◆ Records to use:
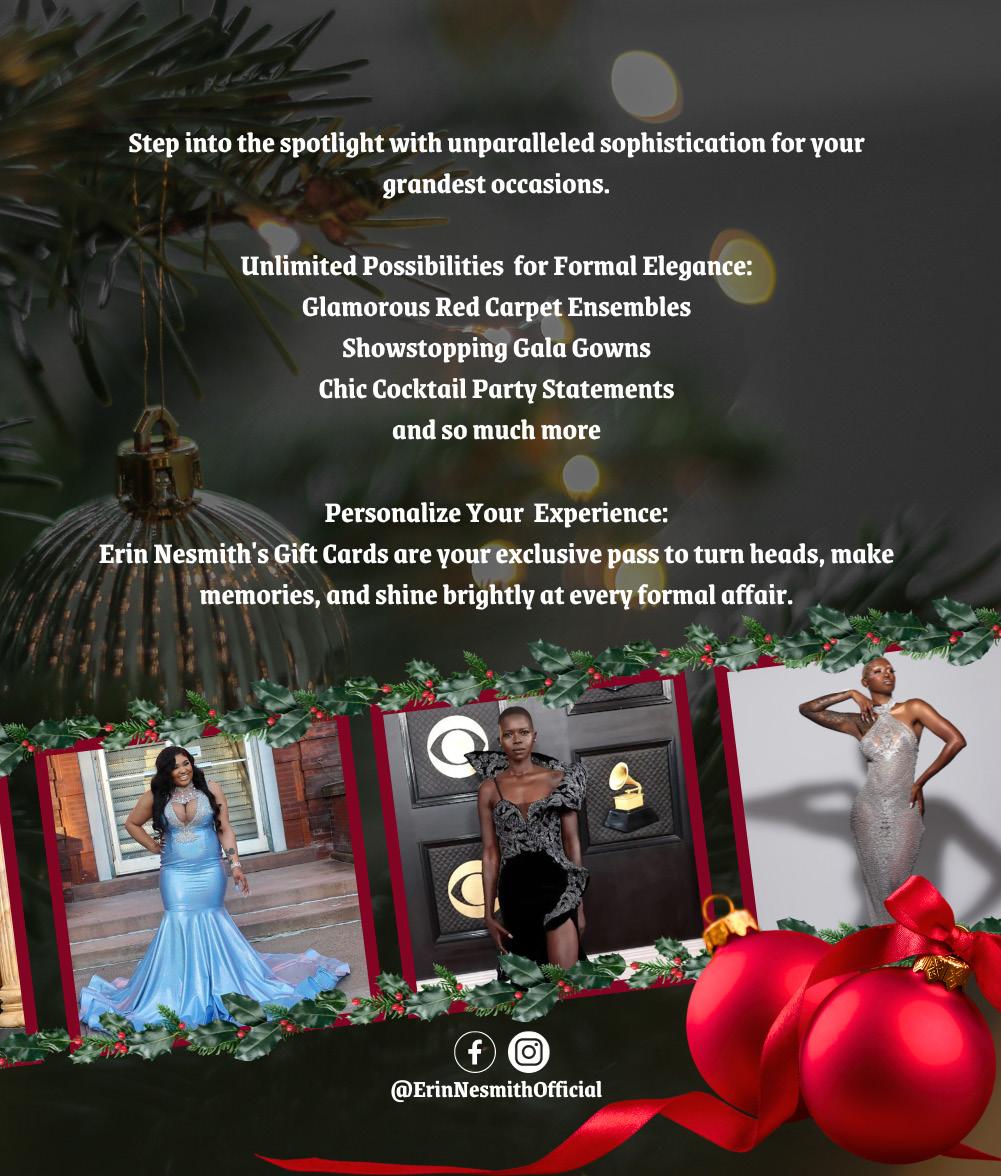 The inspiration behind the mission of Erin Nesmith as a brand that signifies stepping into one’s purpose is deeply rooted in a personal journey of selfdiscovery and empowerment. Growing up, I navigated the twists and turns of life, facing moments of self-doubt and uncertainty. It was during these times that I found solace and strength in the world of fashion.
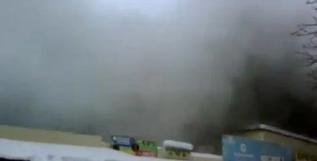 Возле рынка стоит огромная пробка, зеваки пытаются разглядеть, что же происходит. Из-за этого пожарные не могут добраться на место.
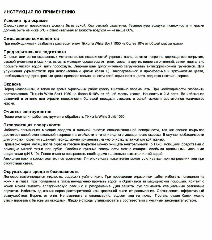 Tikkurila Metallista / Тиккурила Металлиста краска по ржавчине для внутренних и наружных работ 2,3л База А
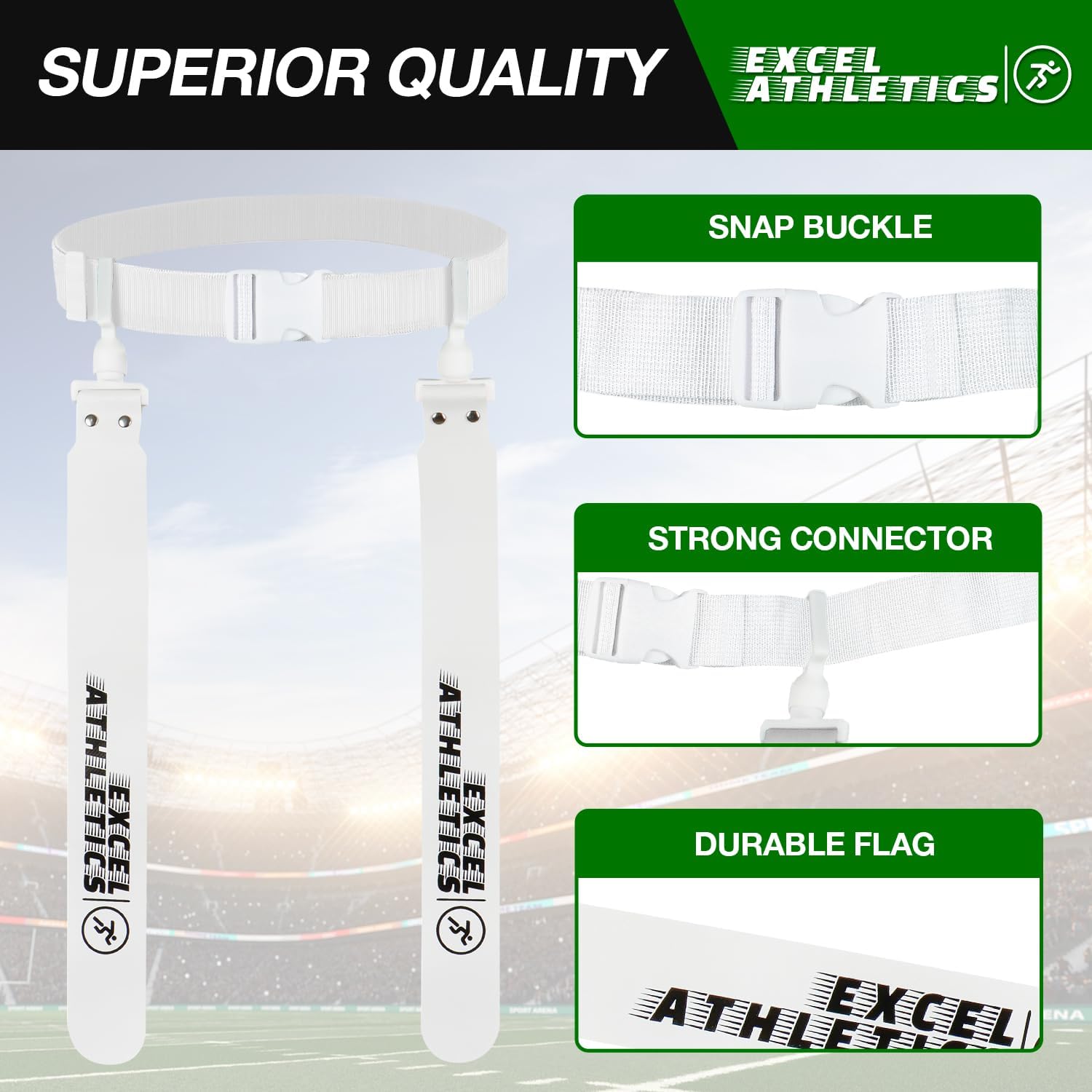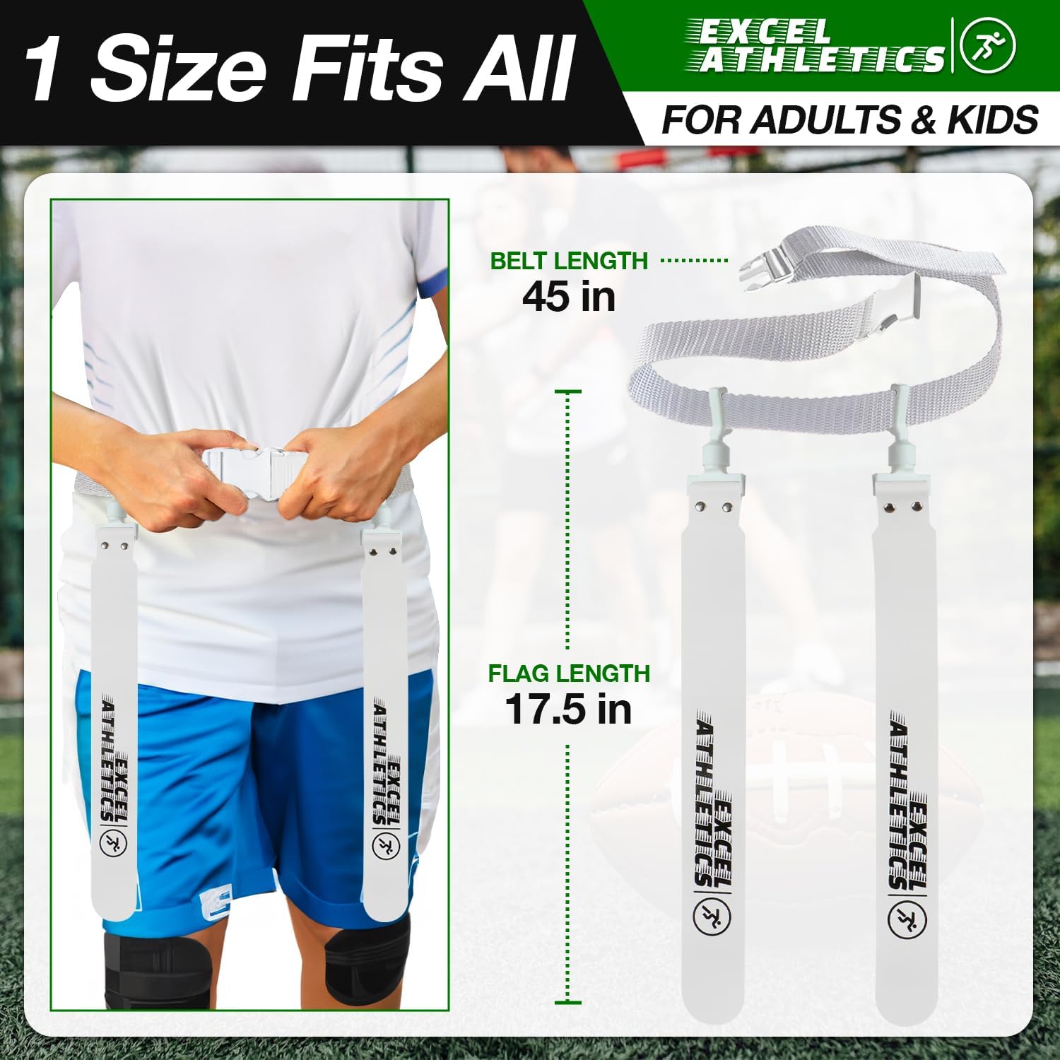 Introducing Excel Athletics flag football belts, the ultimate accessory for any football enthusiast! Made with high-quality materials and packed with features, these belts are the perfect addition to your game. Whether you’re an adult, teen, or youth, our belts are designed to fit all sizes and ages. They’re designed to be used by adults, teens, and youth, making them versatile and practical accessories for any team.
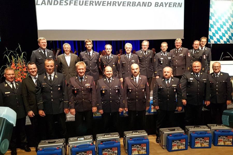 Bei der Vollversammlung des Landesfeuerwehrverbandes Bayern e.V. am 15. Sept. 2017 in Altötting erhielt Kreisbrandrat Andreas Wührl zusammen mit weiteren Kreis- und Stadtbrandräten den neuen Brandschutzerziehungskoffer und die Notruf-Übungsanlage überreicht. Diese Brandschutzerziehungskoffer werden im Zeitraum von 2016 - 2018 von der Bayerischen Versicherungskammer allen 96 Kreis- und Stadtverbänden kostenlos zur Verfügung gestellt. Bis Ende des Jahres werden bereits 68 dieser Koffer in ganz Bayern verfügbar sein. Zusammen mit Staatsminister Dr. Marcel Huber überreichten die Vertreter der Bayerischen Versicherungskammer den 14 Kreis- und Stadtbrandräten aus allen Regierungsbezirken die Koffer und die Notruf-Übungsanlagen. Aus der Oberpfalz erhielt neben dem Kreisfeuerwehrverband Tirschenreuth auch der Kreisfeuerwehrverband Regensburg diese Ausstattung. Der Koffer enthält ein Notruf-Set, eine Medienmappe und Übungsmaterial für Lehrer. Ein umfangreicher Ordner, mehrere DVDs und ein USB-Stick "Elternabend" runden das umfangreiche Paket ab. Ansprechpartner beim Kreisfeuerwehrverband Tirschenreuth für die Brandschutzerziehung und Brandschutzaufklärung ist Kreisbrandmeister Albert Fröhlich.
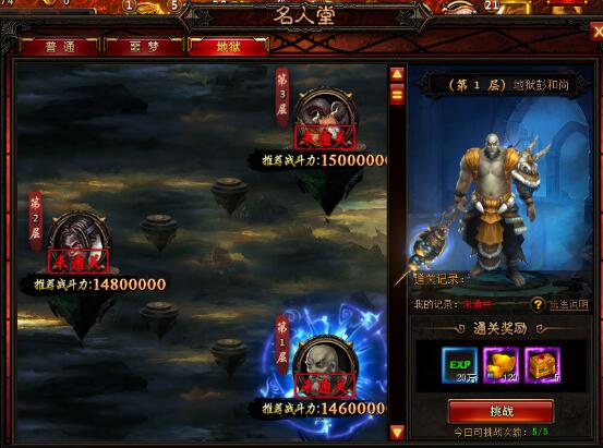 危险,绝对危险,弄不好小命立马丢掉。傲天决战武林中到底何处如此危险呢?那便是隐藏着江湖上头号危险人物的名人堂。如果说普通级名人堂是初级玩家噩梦的开始,那么噩梦级名人堂则是终极玩家的炼狱,至于地狱级名人堂更是战力上千万玩家的坟墓。正所谓“杀机四伏,处处凶险”,傲天决战武林游戏设置的地狱级名人堂到底有多危险?等你升到了上千万的战力,有能力打败地狱1层的彭和尚这个谜自然就解开了。
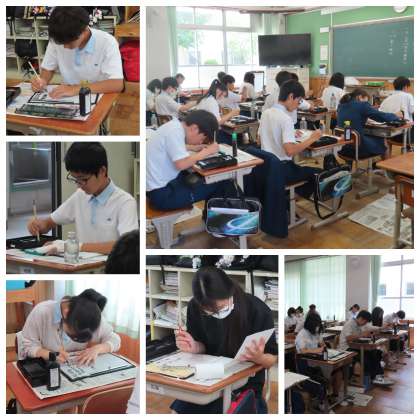 先日、自分たちで作った俳句を、小筆で一生懸命書いていました。
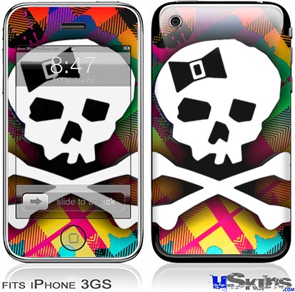 iPhone 3GS Skin - Rainbow Plaid Skull

◆ Task details:
Only the lines from the one with "先日、自分たちで作った俳句を、小筆で一生懸命書いていました。" through the end of the data, both ends included, should be written out exactly, and no pictures should appear.

◆ The answer:
 先日、自分たちで作った俳句を、小筆で一生懸命書いていました。
 iPhone 3GS Skin - Rainbow Plaid Skull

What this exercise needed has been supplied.